TASK REQUIREMENTS: Would you transcribe the listing that follows word for word, skipping pictures?

EXERCISE DATA:
◆ ◆ ◆ ◆ ◆ ◆ ◆

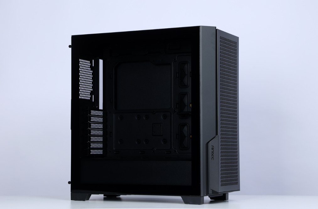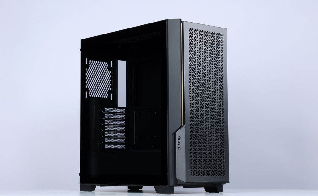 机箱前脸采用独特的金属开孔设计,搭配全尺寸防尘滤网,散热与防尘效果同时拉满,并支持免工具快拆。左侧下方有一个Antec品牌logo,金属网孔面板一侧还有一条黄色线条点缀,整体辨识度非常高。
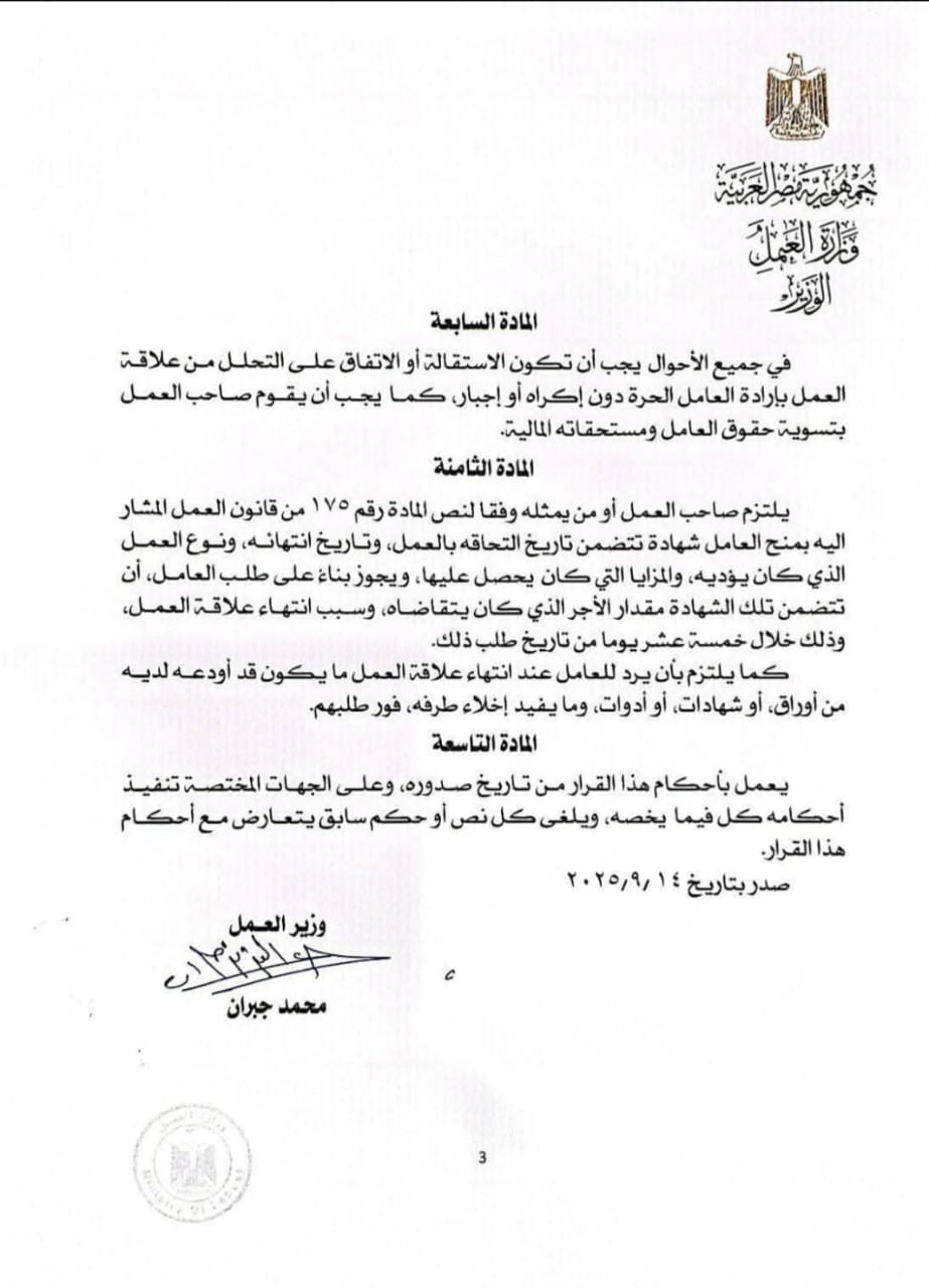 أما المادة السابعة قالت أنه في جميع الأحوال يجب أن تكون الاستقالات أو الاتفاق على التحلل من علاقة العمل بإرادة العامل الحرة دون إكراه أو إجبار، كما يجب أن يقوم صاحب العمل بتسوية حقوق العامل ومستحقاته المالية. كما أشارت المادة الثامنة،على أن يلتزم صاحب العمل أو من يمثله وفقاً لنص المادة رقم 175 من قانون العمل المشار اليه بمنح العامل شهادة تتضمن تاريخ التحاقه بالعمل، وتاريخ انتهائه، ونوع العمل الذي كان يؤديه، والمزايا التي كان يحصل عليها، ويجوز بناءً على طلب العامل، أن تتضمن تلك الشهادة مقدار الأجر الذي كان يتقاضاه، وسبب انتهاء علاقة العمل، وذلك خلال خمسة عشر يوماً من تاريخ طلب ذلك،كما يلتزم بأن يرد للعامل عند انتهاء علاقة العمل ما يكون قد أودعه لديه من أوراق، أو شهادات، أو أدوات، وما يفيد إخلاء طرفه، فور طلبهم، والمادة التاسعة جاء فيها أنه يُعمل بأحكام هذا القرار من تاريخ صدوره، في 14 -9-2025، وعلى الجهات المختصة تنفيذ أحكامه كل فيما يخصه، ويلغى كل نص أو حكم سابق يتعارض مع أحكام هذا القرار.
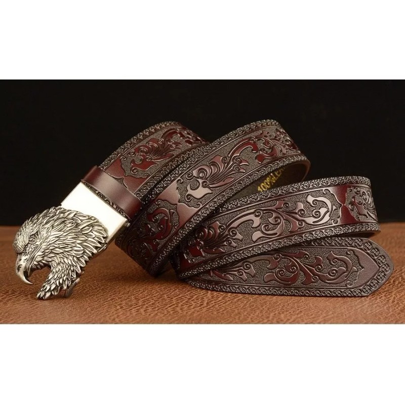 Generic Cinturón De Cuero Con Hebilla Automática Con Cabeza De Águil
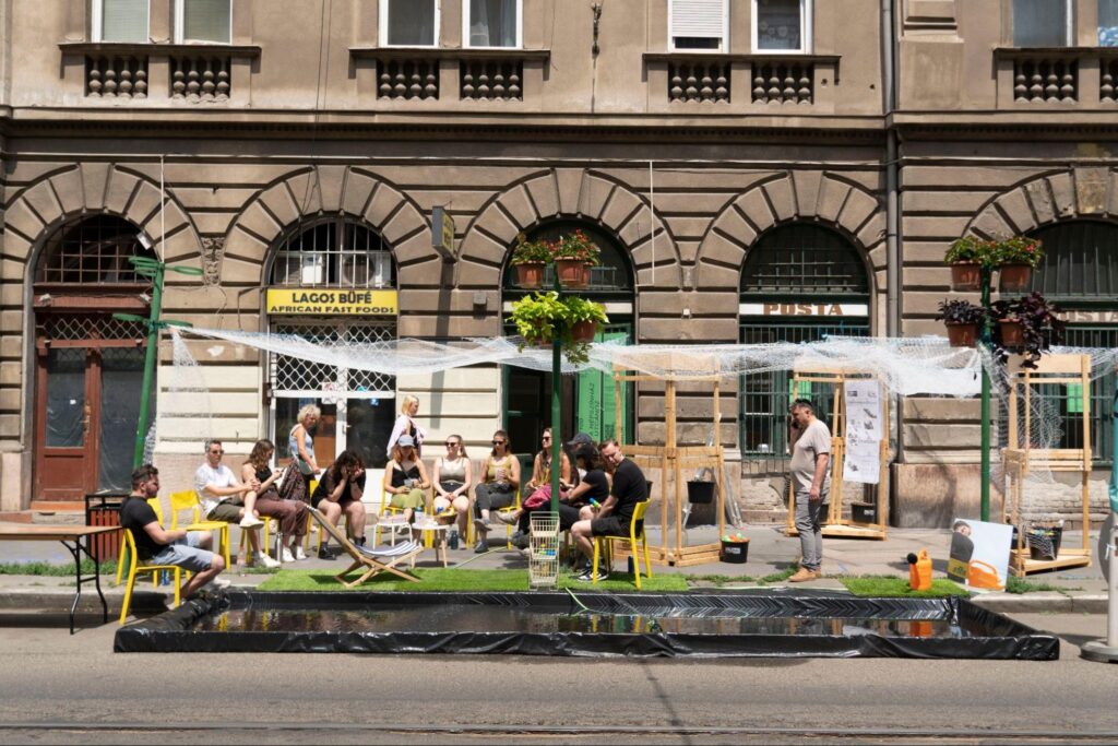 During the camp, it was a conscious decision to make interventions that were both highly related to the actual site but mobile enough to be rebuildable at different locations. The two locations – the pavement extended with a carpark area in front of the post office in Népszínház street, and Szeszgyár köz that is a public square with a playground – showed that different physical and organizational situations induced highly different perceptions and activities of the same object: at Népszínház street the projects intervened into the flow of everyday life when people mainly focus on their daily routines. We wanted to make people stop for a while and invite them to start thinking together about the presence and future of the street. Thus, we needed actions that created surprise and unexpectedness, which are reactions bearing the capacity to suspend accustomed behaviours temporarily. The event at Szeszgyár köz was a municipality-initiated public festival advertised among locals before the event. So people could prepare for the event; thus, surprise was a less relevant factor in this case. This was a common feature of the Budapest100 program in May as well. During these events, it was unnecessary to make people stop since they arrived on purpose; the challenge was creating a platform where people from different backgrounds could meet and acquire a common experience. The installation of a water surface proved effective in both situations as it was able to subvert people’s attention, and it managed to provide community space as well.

◆ ◆ ◆ ◆ ◆ ◆ ◆

REPLY TO THE TASK:
 机箱前脸采用独特的金属开孔设计,搭配全尺寸防尘滤网,散热与防尘效果同时拉满,并支持免工具快拆。左侧下方有一个Antec品牌logo,金属网孔面板一侧还有一条黄色线条点缀,整体辨识度非常高。
 أما المادة السابعة قالت أنه في جميع الأحوال يجب أن تكون الاستقالات أو الاتفاق على التحلل من علاقة العمل بإرادة العامل الحرة دون إكراه أو إجبار، كما يجب أن يقوم صاحب العمل بتسوية حقوق العامل ومستحقاته المالية. كما أشارت المادة الثامنة،على أن يلتزم صاحب العمل أو من يمثله وفقاً لنص المادة رقم 175 من قانون العمل المشار اليه بمنح العامل شهادة تتضمن تاريخ التحاقه بالعمل، وتاريخ انتهائه، ونوع العمل الذي كان يؤديه، والمزايا التي كان يحصل عليها، ويجوز بناءً على طلب العامل، أن تتضمن تلك الشهادة مقدار الأجر الذي كان يتقاضاه، وسبب انتهاء علاقة العمل، وذلك خلال خمسة عشر يوماً من تاريخ طلب ذلك،كما يلتزم بأن يرد للعامل عند انتهاء علاقة العمل ما يكون قد أودعه لديه من أوراق، أو شهادات، أو أدوات، وما يفيد إخلاء طرفه، فور طلبهم، والمادة التاسعة جاء فيها أنه يُعمل بأحكام هذا القرار من تاريخ صدوره، في 14 -9-2025، وعلى الجهات المختصة تنفيذ أحكامه كل فيما يخصه، ويلغى كل نص أو حكم سابق يتعارض مع أحكام هذا القرار.
 Generic Cinturón De Cuero Con Hebilla Automática Con Cabeza De Águil
 During the camp, it was a conscious decision to make interventions that were both highly related to the actual site but mobile enough to be rebuildable at different locations. The two locations – the pavement extended with a carpark area in front of the post office in Népszínház street, and Szeszgyár köz that is a public square with a playground – showed that different physical and organizational situations induced highly different perceptions and activities of the same object: at Népszínház street the projects intervened into the flow of everyday life when people mainly focus on their daily routines. We wanted to make people stop for a while and invite them to start thinking together about the presence and future of the street. Thus, we needed actions that created surprise and unexpectedness, which are reactions bearing the capacity to suspend accustomed behaviours temporarily. The event at Szeszgyár köz was a municipality-initiated public festival advertised among locals before the event. So people could prepare for the event; thus, surprise was a less relevant factor in this case. This was a common feature of the Budapest100 program in May as well. During these events, it was unnecessary to make people stop since they arrived on purpose; the challenge was creating a platform where people from different backgrounds could meet and acquire a common experience. The installation of a water surface proved effective in both situations as it was able to subvert people’s attention, and it managed to provide community space as well.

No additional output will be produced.